The Faces Behind the Numbers 
It is vital to remember that the statistics represent real individuals grappling with homelessness. Over 47% of those surveyed experienced homelessness for the first time as young people, who are often coming from backgrounds that involve foster care or group homes. Furthermore, the presence of 91 unhoused individuals with at least one child, highlights the transgenerational nature of the trauma and issues that vulnerable and homeless youth face. 

The statistics also show a disproportionate representation of Indigenous individuals, 2SLGBTQAI+ youth, transgender youth, and visible minorities, among the homeless population. These disparities underscore the need for diverse and inclusive support systems. 

The Cost-of-Living Crisis 
A noteworthy statistic shows that 35% of respondents became homeless due to inadequate income, which underscores the profound impact that the rising cost of living and the housing crisis have on society’s most vulnerable members.  
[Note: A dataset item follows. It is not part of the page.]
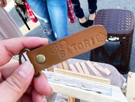 南城市の船越大川近くにある、まっくーるーファームにてレザーキーホルダーの文字入れ体験を行っております。また、出張体験・イベント出店のご依頼も受け付けております。

While various levels of government have announced housing and social infrastructure initiatives, the collective efforts thus far represent only a fraction of the required response. Additional funding and structural changes are essential to address the systemic failures that have led to the current crisis. 

Our Commitment to Youth 
Amidst these challenges, our commitment to provide 24/7 care and support for vulnerable and homeless youth is now more crucial than ever. Since our programs and services are primarily funded by individuals, companies, and foundations, we rely on our community of supporters — generous people like you — to help keep our doors open for young people in need. As we approach a challenging season for the youth we serve, we call upon individuals and the community to consider making donations to support our mission. 

The homelessness crisis in Greater Vancouver is an issue that warrants our collective attention and action. Covenant House Vancouver is actively working to address this crisis, but we acknowledge that we cannot do it alone. It requires a community-wide response. Together, we can provide safe and affordable housing, along with the necessary support systems to ensure that youth receive the care and respect they deserve.